Researchers have discovered a way to refine an experimental Alzheimer’s vaccine, a finding that could pave the way for new treatment and prevention of the debilitating disease that affects people’s ability to think and recall information. Alzheimer’s occurs when toxic biochemical compounds known as amyloid-beta peptides accumulate in the brain, forming plaque deposits and injuring nerve cells, which eventually causes dementia. In 2000, researchers at the Centre for Research in Neurodegenerative Diseases published a paper showing how the amyloid-beta peptide vaccine blocked the production of the plaques and reversed learning impairment. The vaccine stimulates the body’s immune system into forming antibodies against the plaques in the brain, but it also caused inflamation. This new research claims to have found a way to better isolate the active epitope detected by antibodies. After testing a more refined, targeted amyloid-beta vaccine on mice, the scientists found that the antibodies generated by the vaccine cleared away the plaques — improving cognitive function in the mice and leaving no evidence of brain inflammation.
From the University of Toronto:New hope for Alzheimer’s vaccine
Refined vaccine circumvents brain inflammation in mice
——————————————————————————–
Nov. 1, 2002 — U of T researchers have discovered a way to refine an experimental Alzheimer’s vaccine, a finding that could pave the way for new treatment and prevention of the debilitating disease that affects people’s ability to think and recall information.
Alzheimer’s occurs when toxic biochemical compounds known as amyloid-beta peptides accumulate in the brain, forming plaque deposits and injuring nerve cells, which eventually causes dementia. In 2000, researchers at the Centre for Research in Neurodegenerative Diseases published a paper showing how the amyloid-beta peptide vaccine blocked the production of the plaques and reversed learning impairment.
The vaccine stimulates the body’s immune system into forming antibodies against the plaques in the brain. Human trials have been under way for some time in Europe and the U.S. but were halted earlier this year when some patients developed inflammation of the brain.
However, in the October issue of Nature Medicine, U of T researchers demonstrated how to circumvent the brain inflammation in mice. Led by Professors JoAnne McLaurin and David Westaway of laboratory medicine and pathobiology and Professor Peter St. George-Hyslop, director of CRND, the study identified the active epitope — a piece of the peptide — detected by antibodies in the immune system once the vaccine is administered.

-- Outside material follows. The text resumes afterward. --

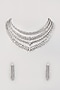 House of Aster presents a white finish necklace studded with zircons, set in mixed metal. It is paired with a matching pair of earrings. This necklace set is a testament to refined taste and timeless style, ideal for festive occasions or wedding ceremony
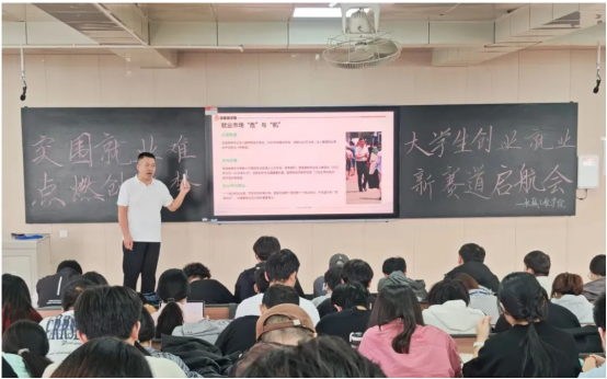 讲座开场,岳冰老师便直切要害,引导同学们跳出传统“找工作”的局限,树立“创造工作”的前沿思维。他强调,新时代大学生应敏锐捕捉社会需求,凭借专业知识与个人兴趣主动创造价值,从而开辟出全新的职业航道。

They found that only a segment of the vaccine produced the beneficial immune response, suggesting that a small portion of the vaccine would be less likely to cause the inflammation in humans. After testing a more refined, targeted amyloid-beta vaccine on mice, the scientists found that the antibodies generated by the vaccine cleared away the plaques — improving cognitive function in the mice and leaving no evidence of brain inflammation.
According to McLaurin, the study, funded by the Canadian Institutes of Health Research and the Natural Sciences and Engineering Research Council of Canada, could also lead to small-molecule drugs that could bypass the problematic side-effects of immunotherapy.
“This information gives new hope for the development of a vaccine for Alzheimer’s disease,” McLaurin said. “If side effects persist then the development of a small molecular mimic will circumvent immunotherapy completely.”
In a related study published in the same issue of Nature Medicine, Swiss researchers showed that the human patients actually did accumulate antibodies against A-beta — a critical step in plaque clearance. They also found that the antibodies that formed did not attack normal brain cells. Taken together, the researchers say the two studies offer critical evidence for future research for an Alzheimer’s vaccine.